Update Gaps Expand / Collapse
Author
Message
Posted Thursday, December 06, 2012 5:36 PM
SSC Journeyman

SSC JourneymanSSC JourneymanSSC JourneymanSSC JourneymanSSC JourneymanSSC JourneymanSSC JourneymanSSC Journeyman

Group: General Forum Members
Last Login: Monday, July 15, 2013 2:52 PM
Points: 89, Visits: 385
I'm trying to update gaps in a table using a set based approach, but have been struggling with the solution. I've read a few gaps and islands posts in this forum, and was hopeful that I could figure it out, but I'm at a loss. Here's the sql to create the table and populate it with data.

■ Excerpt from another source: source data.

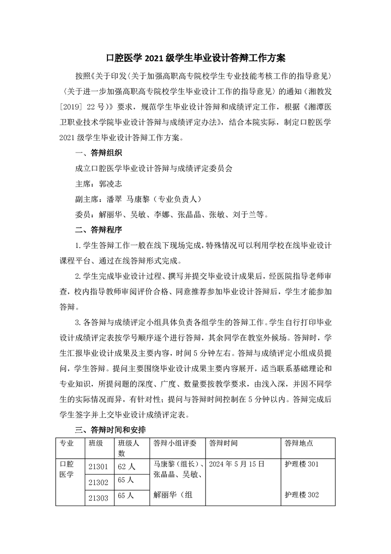 口腔医学技术专业2021级学生毕业设计答辩工作方案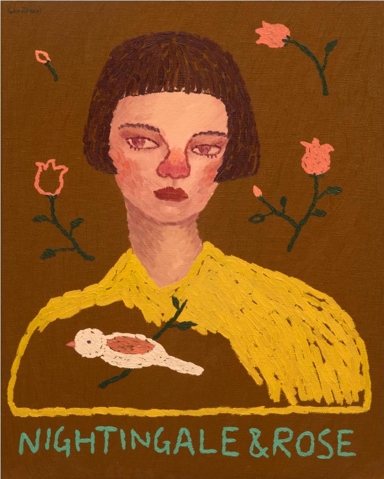 高珍惜,夜莺与玫瑰4,布面油画,50×40cm,2021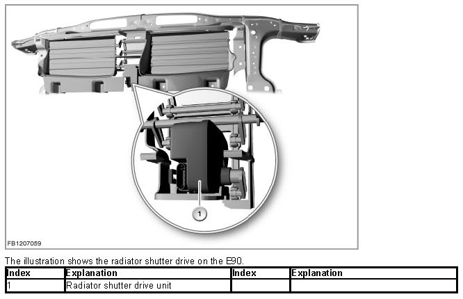 The radiator shutter drive is activated via the LIN bus by the engine management system. The radiator shutter drive is supplied with voltage via terminal 15N.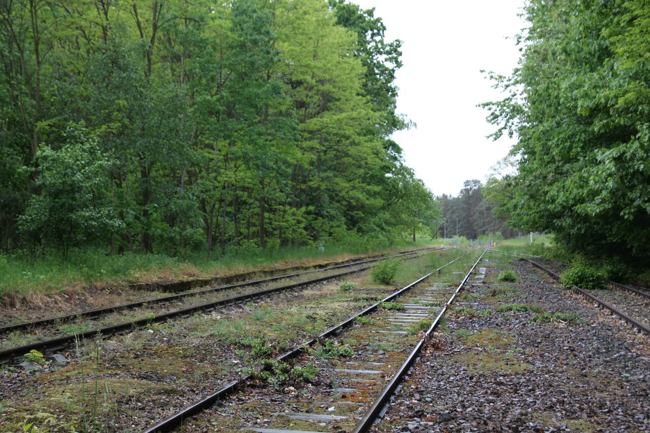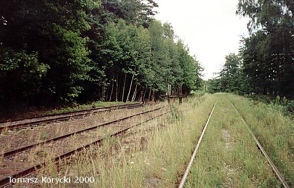 Widok od strony Chocianowa na stację Duninów. Widać rozjazd, a po lewej tor wiodący od bramy poligonu wojskowego.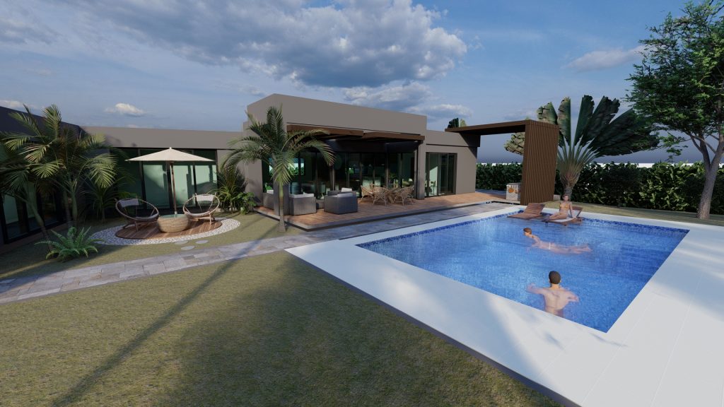 Además, el proyecto incluye áreas sociales que complementan la experiencia residencial, tales como una terraza, zona de BBQ, piscina, amplia zona de parqueo, y una generosa área verde de más de 1 hectárea. Para finalizar, se integra un jardín Zen, ubicado estratégicamente junto a la biblioteca y la habitación principal, aportando tranquilidad y conexión con la naturaleza.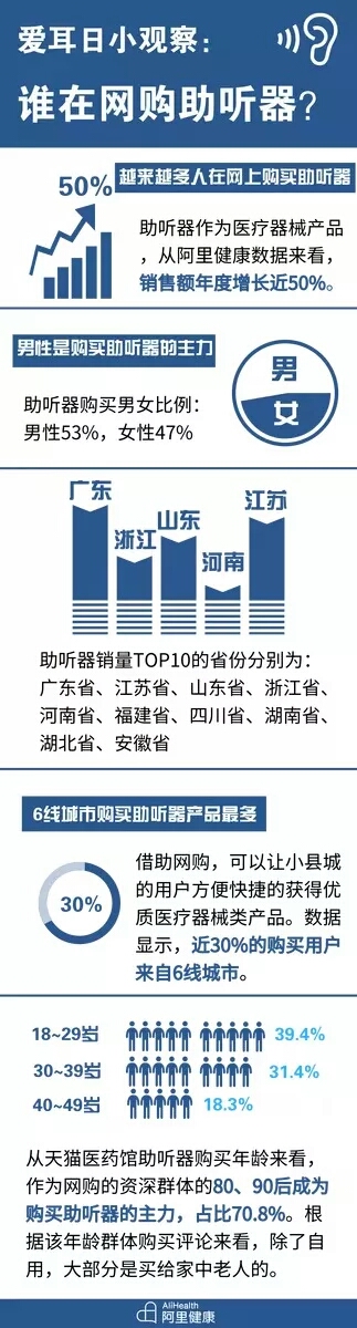 阿里巴巴旗下阿里健康發(fā)布了在淘寶、天貓等平臺上的助聽器線上銷售數(shù)據(jù),顯示助聽器類產(chǎn)品年銷售額度增長60%,廣東、江蘇、山東三省成為購買助聽器最多的省份;近30%的助聽器購買用戶來自人口20~50萬之間的小縣城,成為最大購買區(qū)域。<br /> 但是這份數(shù)據(jù),究竟打了誰的臉?<br /> 我們知道,助聽器的專業(yè)驗配目前是很難完全在線上完成的,更別說聽力檢查,調(diào)試和評估了,但是我們打開淘寶搜索助聽器,大量廉價助聽器撲面而來,價格多在兩三百元之間,這樣的助聽器,按商品介紹說直接買回家佩戴即可,下面也是各種好評如潮,但是這樣的助聽器真能幫助我們解決聽力問題嗎?<br /> 近年來,家用醫(yī)療器械電商發(fā)展迅速,線上渠道逐漸成為家用醫(yī)療器械的銷售主渠道之一。越來越多人,開始通過網(wǎng)購選購助聽器,根據(jù)統(tǒng)計顯示,僅僅天貓醫(yī)藥平臺,網(wǎng)購助聽器類產(chǎn)品的年銷售額就增長近50%。<br /> 從某種程度來說,網(wǎng)購平臺甚至成為了很多人了解助聽器知識的第一渠道,這對于很多專業(yè)聽力機構來說,是多么令人傷心的事情。<br /> 從阿里健康發(fā)布的數(shù)據(jù)來看:男性用戶購買者領先,占了53%。作為網(wǎng)購的資深群體,80~90后成為購買助聽器的主力,占比70.8%。根據(jù)該年齡群體購買評論觀察,除了自用外,大部分是賣給家中老年人的。<br /></span><p><span style="font-size:16px;"> 阿里健康發(fā)布的統(tǒng)計資料:</span></p><p><span style="font-size:16px;"><img src="/upfiles/201903210917476432.jpg" alt="" /><br /></span></p><span style="font-size:16px;"> 上圖資料來自阿里健康<br /> 盡管我們不斷呼吁,但目前的市場生態(tài)中助聽器的最大銷售渠道仍是線上。<br /> 那么為什么我們不建議在網(wǎng)上直接購買助聽器呢,有以下幾個原因。<br /> 1、助聽器適不適合你的耳朵,只有經(jīng)過專業(yè)驗配才能知道<br /> 很多人不清楚助聽器的聲音補償原理,以為是隨便買一個就能佩戴,但是我們要知道,每一只耳朵都是獨一無二的,所匹配的助聽器需要根據(jù)你的檢查結果來適配、來調(diào)試,甚至要做耳模,做評估。這些信息都無法在線上準確獲得,不考慮這些信息,你的設備效果就不會好。<br /> 2、助聽器的驗配,需要專業(yè)的驗配師來做<br /> 助聽器的驗配是整個銷售過程中最重要的環(huán)節(jié),只有經(jīng)過專業(yè)的調(diào)試才能達到好的效果。有人說,我可以遠程調(diào)試呀,當然,如果能做到,當然可以,不過目前在中國,99%的線上購買連詢問都沒有。這樣的驗配,豈不是和“非法行醫(yī)”一樣可怕。<br /> 3、聽力損失是一種疾病,需要認真對待<br /> 很多人對聽力知識了解不足,從本質(zhì)上并沒有認真對待,甚至連醫(yī)院或聽力中心都沒有去過,就直接從網(wǎng)上下單購買了,心里想著反正也就兩三百塊錢,大不了效果不好不戴就是了。<a href="http://m.cqzzjd.cn/listDetail.aspx?id=102601" target="_blank"><strong><span style="color:#3333ff;">保護聽力,不要成為聽障者中的一員!</span></strong></a><br /> 現(xiàn)在可以告訴你,聽力損失和你身體的其他疾病一樣,都理應獲得認真對待,最起碼,也應該去看看醫(yī)生或驗配師。<br /> 4、不是所有的聽力問題都能用助聽器解決<br /> 很多人想起要買助聽器,已經(jīng)是聽力損失發(fā)生幾年以后了,甚至有些人的聽力損失已經(jīng)很嚴重了,這時候僅僅依靠助聽器并不能解決所有問題。如果在網(wǎng)上購買助聽器,往往無法了解助聽器使用的局限性,也無法了解更多的康復知識,作為慢性病處理的角度,并不是買了助聽器就能一勞永逸。<br /> 5、專業(yè)人士的價值,不應僅僅體現(xiàn)在產(chǎn)品上<br /> 很多人在網(wǎng)上購買助聽器,是因為便宜,是因為方便,是抱著試一試的心態(tài)。但是我們想想,你都能相信素未謀面的網(wǎng)店,還不能相信面對面的助聽器驗配師嗎?助聽器驗配師的工作,沒有價值嗎?<br /> 這是助聽器行業(yè)的問題和痛點,也被很多人鉆了空子,但是對于聽力損失的人而言,驗配師的作用是不言而喻的。<br /></span><p><span style="font-size:16px;"> 雖然阿里健康“很驕傲”地發(fā)布了線上助聽器銷售的業(yè)績,但我們?nèi)砸粲酰郝犃栴},請到專業(yè)聽力機構解決。同時我們也要反思,為何整個聽力行業(yè),沒有能夠抓住機遇,通過更廣泛的方式向公眾科普正確的知識呢?</span></p><p><span style="font-size:16px;"> 相關推薦閱讀:<a href="http://m.cqzzjd.cn/listDetail.aspx?id=102635" target="_blank"><strong><span style="color:#3333ff;">聽覺有道教您如何選擇一臺適合又舒服的助聽器</span></strong></a><br /><br /> 聽覺有道助聽器價格:http://m.cqzzjd.cn/products.html<br /><br /><br /> 發(fā)布于2019年3月21日 星期四<br /> 上午9:23分<br /></span></p>" />

CREATE TABLE dbo.UpdateGaps(
MachineID int NOT NULL,
RecordedDate datetime NOT NULL,
Pressure float NULL,
CONSTRAINT PK_UpdateGaps PRIMARY KEY CLUSTERED (MachineID,RecordedDate)
)

INSERT dbo.UpdateGaps (MachineID, RecordedDate, Pressure) VALUES (60, '2012-10-02', 0);
INSERT dbo.UpdateGaps (MachineID, RecordedDate, Pressure) VALUES (60, '2012-10-03', 300);
INSERT dbo.UpdateGaps (MachineID, RecordedDate, Pressure) VALUES (60, '2012-10-04', 300);
INSERT dbo.UpdateGaps (MachineID, RecordedDate, Pressure) VALUES (60, '2012-10-05', 0);
INSERT dbo.UpdateGaps (MachineID, RecordedDate, Pressure) VALUES (60, '2012-10-06', 0);
INSERT dbo.UpdateGaps (MachineID, RecordedDate, Pressure) VALUES (60, '2012-10-07', 0);
INSERT dbo.UpdateGaps (MachineID, RecordedDate, Pressure) VALUES (60, '2012-10-08', 330);
INSERT dbo.UpdateGaps (MachineID, RecordedDate, Pressure) VALUES (60, '2012-10-09', 0);
INSERT dbo.UpdateGaps (MachineID, RecordedDate, Pressure) VALUES (60, '2012-10-10', 300);
INSERT dbo.UpdateGaps (MachineID, RecordedDate, Pressure) VALUES (97, '2012-10-02', 380);
INSERT dbo.UpdateGaps (MachineID, RecordedDate, Pressure) VALUES (97, '2012-10-03', 0);
INSERT dbo.UpdateGaps (MachineID, RecordedDate, Pressure) VALUES (97, '2012-10-04', 0);
INSERT dbo.UpdateGaps (MachineID, RecordedDate, Pressure) VALUES (97, '2012-10-05', 350);
INSERT dbo.UpdateGaps (MachineID, RecordedDate, Pressure) VALUES (97, '2012-10-06', 350);
INSERT dbo.UpdateGaps (MachineID, RecordedDate, Pressure) VALUES (97, '2012-10-07', 0);
INSERT dbo.UpdateGaps (MachineID, RecordedDate, Pressure) VALUES (97, '2012-10-08', 0);
INSERT dbo.UpdateGaps (MachineID, RecordedDate, Pressure) VALUES (97, '2012-10-09', 400);
INSERT dbo.UpdateGaps (MachineID, RecordedDate, Pressure) VALUES (97, '2012-10-10', 0);
GO

What I need to do is fill in the zero values with the value that precedes it (grouping by MachineID). Non-zero values do not change.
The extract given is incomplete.